Patrice Gagnon, directeur de course à Je Cours Qc, et Marianne Pelchat, de Gestev, ont annoncé que peu de changements avaient été apportés au parcours du Marathon SSQ de Québec couru, pour une deuxième année, exclusivement dans les quartiers de Québec.

Marathon SSQ: la continuité pour la 2e édition 100 % Québec

Les organisateurs du Marathon SSQ de Québec, qui aura lieu dimanche, ont décidé d’apporter peu de changements au parcours de la seconde course organisée entièrement à Québec de l’histoire de l’épreuve autrefois connue sous le nom de Marathon des Deux Rives.

«Nous avons écouté ce que les participants avaient à dire et nous avons éliminé certains virages pour éviter le “zigzaguage”. Nous en avons éliminé six à Sillery et deux dans Saint-Roch, de sorte qu’il y a maintenant une ligne droite beaucoup plus longue dans Saint-Roch», a expliqué la productrice déléguée Marianne Pelchat de Gestev en conférence de presse jeudi.

Le parcours de cette année comporte encore 480 mètres de montée et 471 mètres de descente pour neuf mètres de dénivelé total avec un pourcentage de 13,2 % pour la descente la plus abrupte de la rue des glacis et de 6,7 % pour la montée la plus abrupte, celle de la côte de la Fabrique, et traversera 11 quartiers de la capitale.

Parcours apprécié

«Si nous avons apporté si peu de modifications, c’est que tout le monde a aimé le parcours de l’an dernier, un parcours de “carte postale”», a-t-elle ajouté, soulignant toutefois que si les inscriptions aux différentes épreuves ont augmenté [8500 contre 8200 l’an dernier], celles pour le marathon ont un peu diminué avec 1350 inscrits jusqu’à maintenant comparativement au record de 1600 en 2018.

«Je ne crois pas que ce soit parce que les participants n’ont pas aimé le parcours, car, au contraire, ils l’ont aimé. On a prouvé que c’était possible de faire de bons temps malgré le dénivelé. Il y avait peut-être l’attrait de la nouveauté l’an dernier. Peut-être aussi que certains ont autre chose à faire durant le week-end de l’Action de grâce et il y a aussi le fait qu’on soit trois semaines après le Marathon de Montréal, en même temps que celui de Chicago et à une semaine de celui de Toronto», a-t-elle expliqué.

Coureurs infidèles

«Je suis moi-même une coureuse et je peux vous dire que c’est un défi de fidéliser les coureurs puisque, par nature, ils sont des êtres infidèles! Par exemple, il y a 19 coureurs de l’équipe de course du Rouge et Or qui iront courir le Marathon de Chicago en fin de semaine. Pas parce qu’ils n’aiment pas celui de Québec, mais parce qu’ils ont le goût de vivre cette expérience», résume-t-elle.

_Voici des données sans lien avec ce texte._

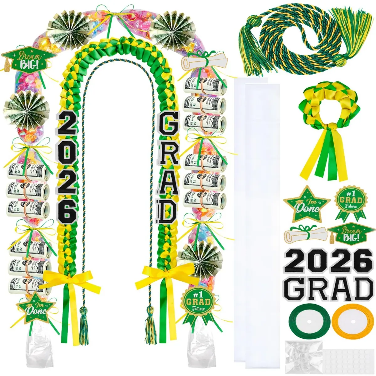 ONERIR 2026 Graduation Leis 18 Pcs - Vibrant Yellow Green Double Ribbon Youthful Class of 2026 Graduation Candy Lei Set Unisex Graduation Party Decorations Gift
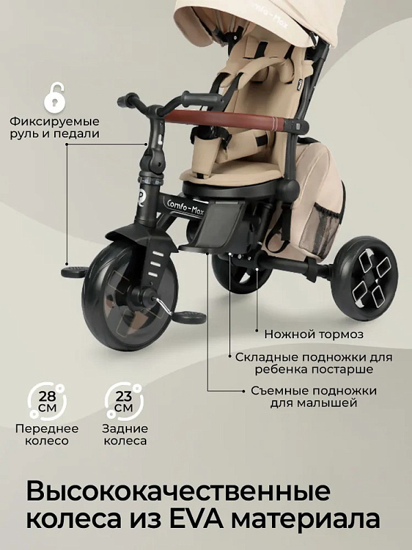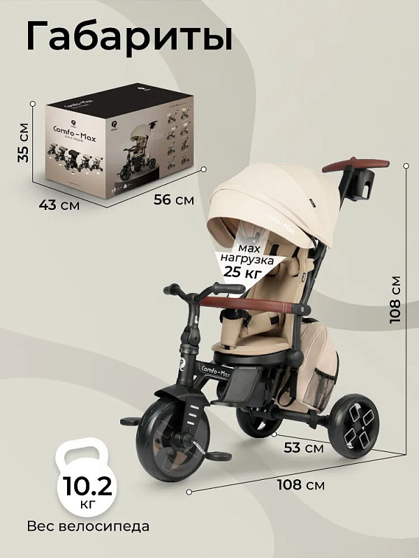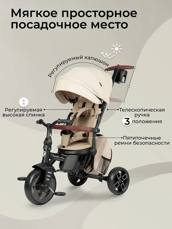 Трехколесный велосипед Qplay Comfo Max — детский велосипед - коляска для ребенка от 10 месяцев до 6 лет. 8 вариаций трансформаций позволит адаптировать велосипед под потребности возраст вашего малыша. Этот детский транспорт идеально подходит для прогулок по городу и паркам, сочетая в себе функциональность, безопасность и комфорт для детей.
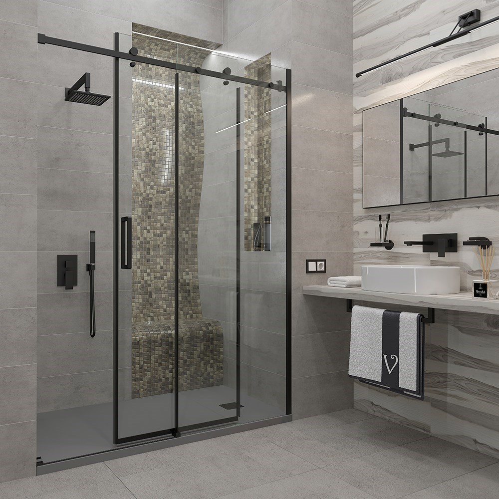 VECONI Vianno Душевая дверь раздвижная профиль - черный / стекло - прозрачное, ширина 120 см
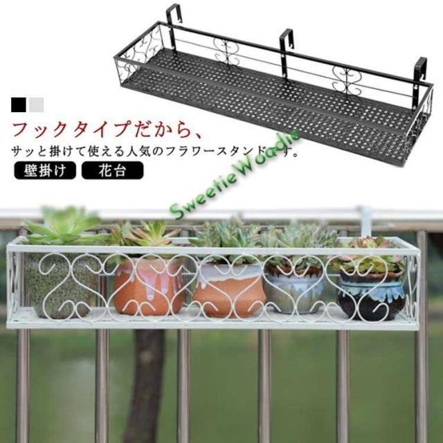 | フックタイプだから、サッと掛けて使える人気のフラワースタンドです。 テラス手すり?階段手すり?柵に簡単に吊るすことができます。 また、家庭用品収納ラック、物干しラックとしても使用可能です。 室内はもちろんサビにくいため屋外での使用もおすすめです。 喫茶店、書斎、花屋、オフィス、庭など、どんな所に置いても華やかな雰囲気を醸し出せます。 | |
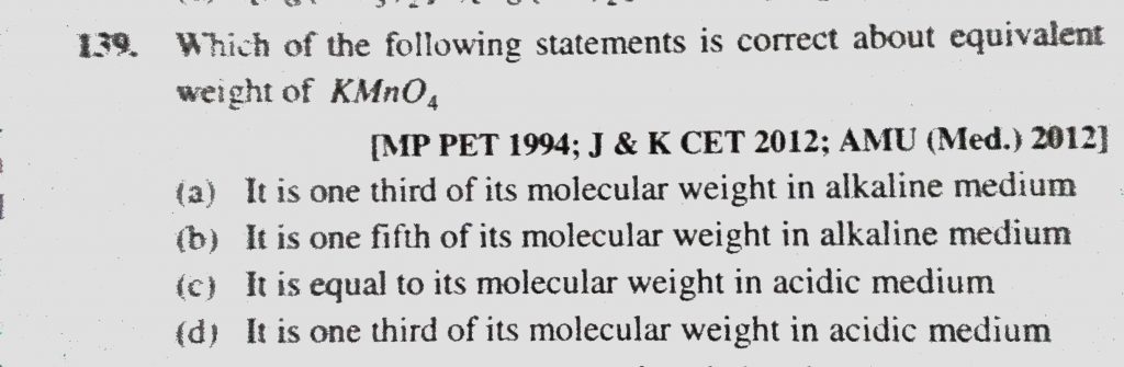 Which of the following statements is correct about equivalent weight of KMnO4 (a) It is one third of its molecular weight in alkaline medium Which of the following statements is correct about equivalent weight of KMnO4 (a) It is one third of its molecular weight in alkaline medium December 1, 2020 Category: Uncategorised (JEE Advanced Physics by BM Sharma + GMP Solutions) , Facebook Messenger WhatsApp Share this:TwitterFacebook Related
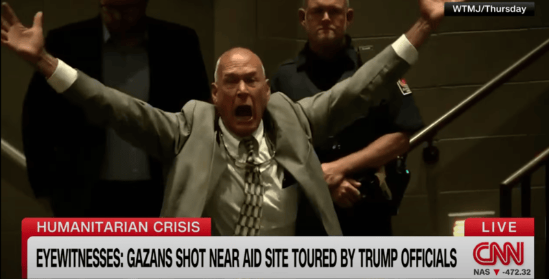 “Two million people in Gaza are starving!" a constituent shouts at the lawmaker. "What do you have to say about that?!"
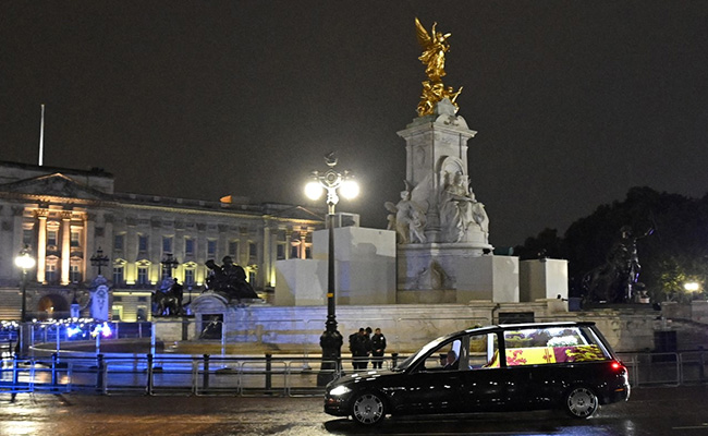 - The body of Queen Elizabeth, who died last week, will be borne on a horse-drawn gun carriage from her Buckingham Palace home to Westminster Hall. It will remain there until her funeral Monday.
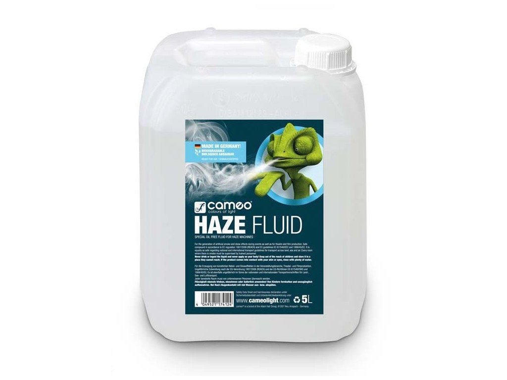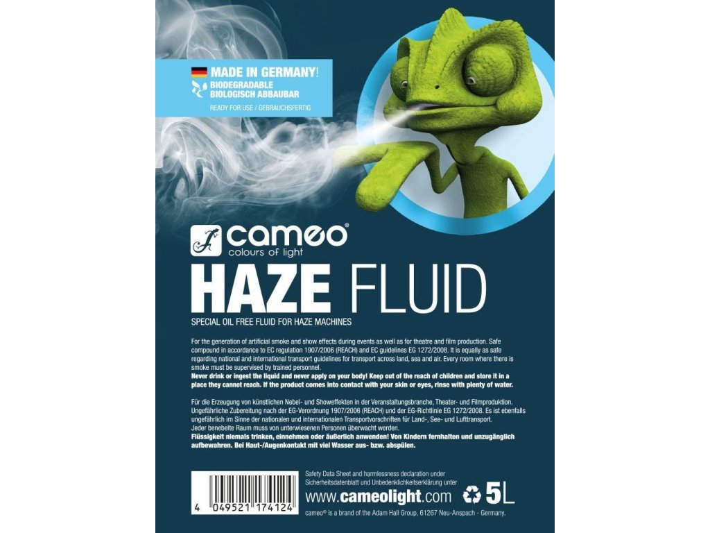 Płyn Cameo Haze Fluid na bazie wody został specjalnie opracowany do wytwornic mgły i tworzy bardzo delikatną mgłę o długim czasie utrzymywania się i wysokim współczynniku odbicia. W 100% bezolejowy płyn jest bezwonny i idealnie nadaje się do wszystkich zastosowań scenicznych, klubów nocnych, filmu i telewizji. Jakość Cameo Haze-Fluid jest stale monitorowana podczas produkcji w Niemczech. Jest biodegradowalny i całkowicie nieszkodliwy.
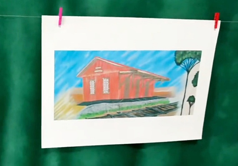 Álvaro também fotografou pinturas feitas por um artista de Fernandes Pinheiro nos muros da Escola Municipal Floresval Ferreira. Uma delas retrata a Estação Ferroviária do município; a outra mostra um bem-te-vi sobre um muro. Depois de fotografar as pinturas, ele fez registros da estação e do pássaro, para fazer uma comparação entre os originais e as pinturas. “Eu fiz uma comparação para mostrar a imagem do artista pintada no muro do colégio e a da estação atual. No caso, você analisando as duas, compara. Tem a imagem do bem-te-vi, a de baixo pintada pelo artista e a de cima registrada através de um olhar diferenciado”, ressaltou.
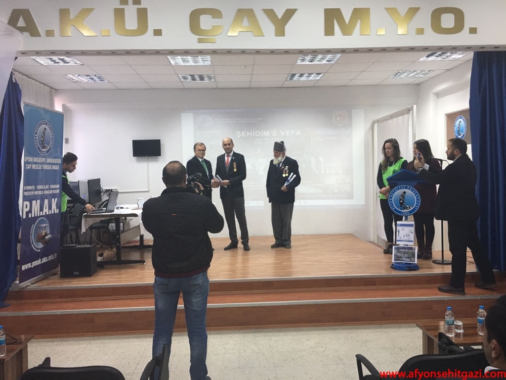MeslekYüksekokulu’muz ile Türkiye Harp Malulü Gaziler, Şehit, Dul ve Yetimleri Derneği Afyonkarahisar Şubesi Başkanlığı koordinasyonluğunda 06 Aralık 2016 tarihinde, Konferans Salonu’muzda Şehidim’e Vefa… temalı Seminer gerçekleştirildi.
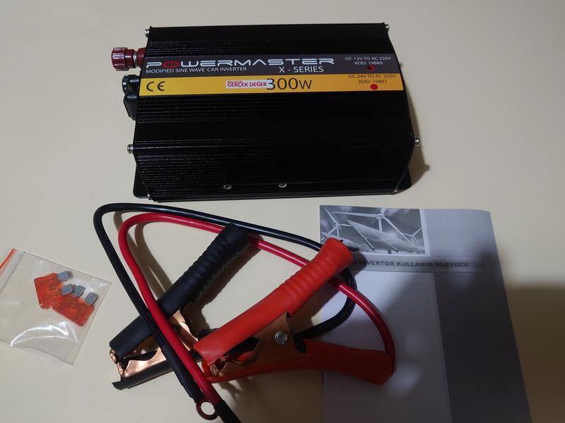 Инвертор, преобразователь тока 12/220V - 300W,пиковая 600Вт - мощный, компактный, фирменная упаковка. Сделан по европейским стандартам на экспорт для Турции! Автомобильный инвертор Powermaster 300 Вт. Преобразователь напряжения 12/220 - альтернативное питание приборов, работающих от сети. Автомобильный преобразователь напряжения Powermaster 12/220 , мощностью 300 Вт(пиковая 600Вт) - устройство, предназначенное для подключения и использования разнообразной бытовой техники, электроинструмента, ноутбука, телефона, различной видео- и аудиотехники, а также прочих электроприборов в условиях, где нет сетевых источников питания. Например, в путешествиях на автомобиле, прогулках на катере, в гараже, на даче, в аварийных ситуациях. В качестве источника напряжения ±12 В могут применяться аккумуляторы автомобильные,тяговые,гелевые, а также ветровые и солнечные генераторы. На передней панели устройства расположены индикаторы режима работы, индикатор заряда аккумулятора, розетка для электроприборов, тумблер включения, тумблер переключения автомобильный или другой тип аккумулятора и USB-порт. Охлаждение инвертора постоянное и осуществляется при помощи кулера, установленного на задней панели прибора. Там же находятся клеммы для подключения кабеля от аккумулятора и 2 предохранителя (FUSE), которые легко заменить в случае их выхода из строя. В комплекте идут два запасных предохранителя. При напряжении аккумуляторной батареи ±10.2-10.8 В и превышении пиковой мощности нагрузки зажигается красный индикатор. Автоматическое отключение устройства происходит при низком входном и падении выходного напряжения. Powermaster 12/220 , мощностью 300 Вт(пиковая 600Вт) имеет надежную тепловую защиту, срабатывающую при температуре > 45°C, защиту от перегрузки и короткого замыкания на выходе. Автомобильный инвертор Powermaster 12/220 , мощностью 300 Вт(пиковая 600Вт) - современное, компактное и надежное устройство, которое гарантированно выручит Вас в самых непредвиденных ситуациях! Экспортный вариант сделан для Турции по Европейским стандартам качества! В комплекте: - Преобразователь Powermaster 12/220 , мощностью 300 Вт(пиковая 600Вт); - Кабель для подключения инвертора от прикуривателя, при нагрузке до 200 Ватт: 1 шт.; - Кабель для подключения инвертора от аккумулятора, при нагрузке свыше 200 Ватт: 1 шт.; - Два запасных предохранителя.
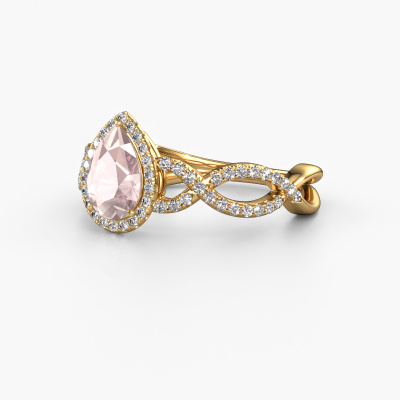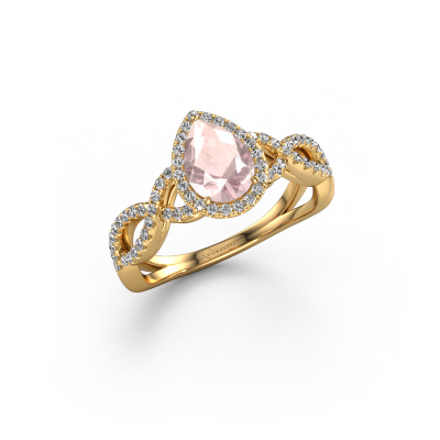 This 14 Carat gold ring is called Dionne pear and is set with 7x5 mm morganite champagne. Does your girlfriend fancy exclusive jewellery? Or would you like to show her that she deserves the finest jewellery? This gold ring is pure craftsmanship, love and passion combined with the latest techniques coming together in perfect harmony. It requires a keen eye, patience and a skilful hand to mould this ring into perfection. Just the job for our expert goldsmith! The morganite champagne set gemstones gives this gold ring an extra glamorous appearance. Customize the style of the twist engagement ring to her liking with a wide variety of precious metals and gemstones which you select. That is how you create a unique ring for the most exclusive woman in your life! This jewel is created to add sparkle to your finger, each jewel is lovingly made by hand by our goldsmiths.Are you on a budget? Please feel free to contact us, so we can go discuss your options. We offer our engagement rings at guaranteed best price, because we make them to order. You won't find such a price anywhere else!Different styles of new rings are made daily by our team. Perhaps you have found a pavé solitaire engagement ring somewhere. One you would like to give to your loved one. Please feel free to share your thoughts and design with our jewel designers. We would love to turn your design into a exclusive engagement ring. You can follow the development of your ring design because we use very detailed 3D drawings. On top of that, you can order a dummy of the design. A dummy is a plastic ring, which can be shaped according your ring design. You can try it on and check if the engagement ring is up to standard. We will gladly send you a non-binding offer, based on a fair price/ quality ratio. The offer will baffle you, considering the quality of the ring and gemstones.To make it easier for you, we offer a 30 day return policy. Check our terms and conditions.
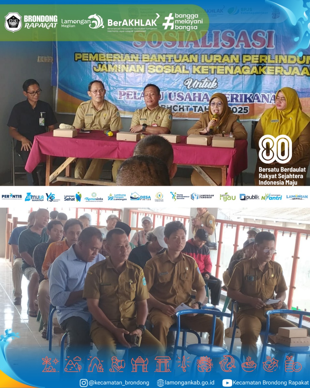 Selasa, 14 Oktober 2025, Pemerintah Kecamatan Brondong bersama Dinas Tenaga Kerja Kabupaten Lamongan melaksanakan kegiatan Sosialisasi Pemberian Bantuan Iuran Perlindungan Jaminan Sosial Ketenagakerjaan di UPT Perikanan Brondong. Kegiatan ini bertujuan memberikan pemahaman kepada pelaku usaha perikanan tentang pentingnya perlindungan jaminan sosial ketenagakerjaan. Melalui program bantuan iuran ini, diharapkan kesejahteraan dan keamanan kerja bagi pelaku usaha sektor perikanan dapat meningkat serta mendukung produktivitas ekonomi masyarakat pesisir.
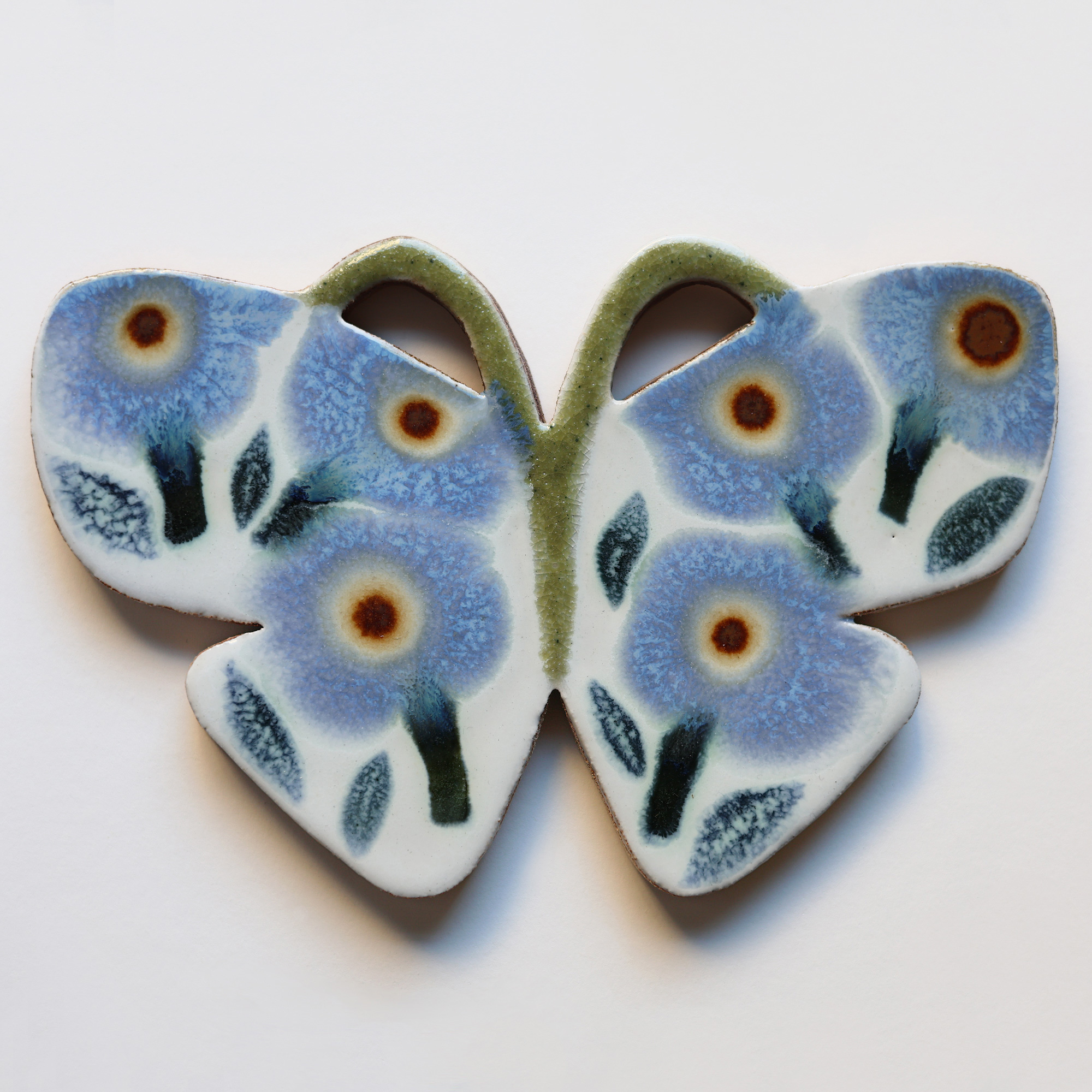 Keraaminen uniikki perhosreliefi. Lasitettua kivitavaraa. Koko n. 25 × 15 × 1 cm. Signeeraus takana. Teoksen voi ripustaa seinälle yhdellä naulalla reliefin takana olevan kiinnityksen avulla. Nouto työhuoneeltani Fredrikinkadulta Helsingistä erikseen sovittaessa. Postitettaessa teos lähetetään viikon sisällä tilauksesta.
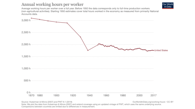 Wages up, hours down. Credit…Our World in Data

Quant au calibre des coureurs, Mme Pelchat souligne qu’en raison du relief de la ville de Québec, l’épreuve n’a jamais pensé être un marathon rapide sur lequel il serait possible de battre des records du monde. «Notre temps est autour de 2h30, mais malgré tout, nous avons plusieurs coureurs subélite, notamment le Kényan David Mutai, cinquième lors du dernier Marathon de Montréal, et Jean-Pierre Morin de Saint-Augustin-de-Desmaures, troisième au Marathon de Rimouski l’an dernier. Le vainqueur du Marathon de Québec 2018, le Marocain Mohammed Aagab, n’est pas encore sur les listes d’inscriptions, mais il a terminé deuxième au dernier Marathon de Montréal.

D’ailleurs, Marianne Pelchat ne le cache pas, ce n’est pas vers la venue de coureurs d’élite à Québec que se fait le développement du Marathon. “Le parti-pris qu’on prend est de devenir un marathon de destination de type carte postale”, a-t-elle répété, estimant avoir touché la cible avec la nouvelle formule.